Прощай, дражайший друг, отнесись снисходительно к моей новой страсти, ибо и тебя я тоже всем сердцем люблю».
Второе письмо Жоржа Дантеса Луи Геккерну в Париж:
«Петербург, 14 февраля 1836 года.
Дорогой друг мой, вот и масленица миновала, а с ней и часть моих мучений, право же, мне кажется, что я несколько спокойнее с тех пор, как уже не вижу ее каждый день и всякий уже не вправе брать ее за руку, касаться ее талии, танцевать и беседовать с ней так же, как и я, но другим это было бы просто, потому что у них более спокойная совесть. Глупо говорить, но я и сам бы не поверил в это прежде, но ведь то состояние раздражения, в котором я все время находился и которое делало меня таким несчастным, оказывается, объясняется попросту ревностью. А затем у нас с ней произошло объяснение в последний раз, когда я ее видел, ужасно тяжелое, но после мне стало легче. Эта женщина, которую считают не слишком умной, уж не знаю, может быть, любовь прибавляет ума, но невозможно проявить больше такта, очарования и ума, чем проявила она в этом разговоре, а ведь он был труден, потому что речь шла не больше и не меньше, как о том, чтобы отказать любимому и обожающему ее человеку нарушить ради него свой супружеский долг; она обрисовала мне свое положение с такой искренностью, она так простодушно просила пожалеть ее, что я поистине был обезоружен и ни слова не мог найти в ответ.
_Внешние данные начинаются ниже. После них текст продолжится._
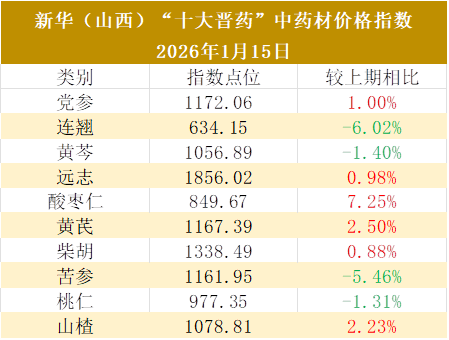 新华财经北京1月15日电(李夷骞)截至1月15日,新华(山西)“十大晋药”中药材价格指数报1129.28点,较上期(2025年12月30日,下同)上涨1.50点,涨幅0.13%,与基期相比,上涨129.28点,涨幅12.93%。元旦过后酸枣仁行情反弹上涨,山西“十大晋药”中药材价格指数六涨四跌。

Знал бы ты, как она меня утешала, ибо она видела, как я задыхаюсь, в каком я был ужасном состоянии после того, как она мне сказала: я люблю Вас так, как никогда не любила, но никогда ничего не требуйте от меня, кроме моего сердца, потому что все другое принадлежит не мне, и я не могу быть счастлива иначе, как выполняя то, что мне велит долг, пощадите меня и любите меня всегда так, как любите сейчас, и да будет Вам наградой моя любовь.
Ты понимаешь, я готов был пасть к ее ногам и лобызать их, когда был бы один, и, уверяю тебя, с этого дня моя любовь стала еще сильнее, только теперь я люблю ее иначе, я благоговею, я почитаю ее, как почитают того, с кем ты связан всем своим существованием.
Но прости, дражайший друг, что письмо свое я начинаю с разговора о ней, но она и я нечто единое, и, говоря о ней, я говорю о себе, а ты во всех своих письмах коришь меня, что я недостаточно подробно о себе пишу.
А я, как уже говорил, чувствую себя лучше, гораздо лучше, я, слава Богу, вновь начал свободно дышать, ведь это же была просто невыносимая пытка — выглядеть оживленным, веселым на людях, перед теми, кто видит тебя ежедневно, в то время как душа твоя полна отчаяния, — ужасное положение, которого я и врагу не пожелаю».
Можно без преувеличения сказать, письма Дантеса, если в них говорится о Наталье Николаевне Пушкиной, самый тягостный обвинительный документ для нее.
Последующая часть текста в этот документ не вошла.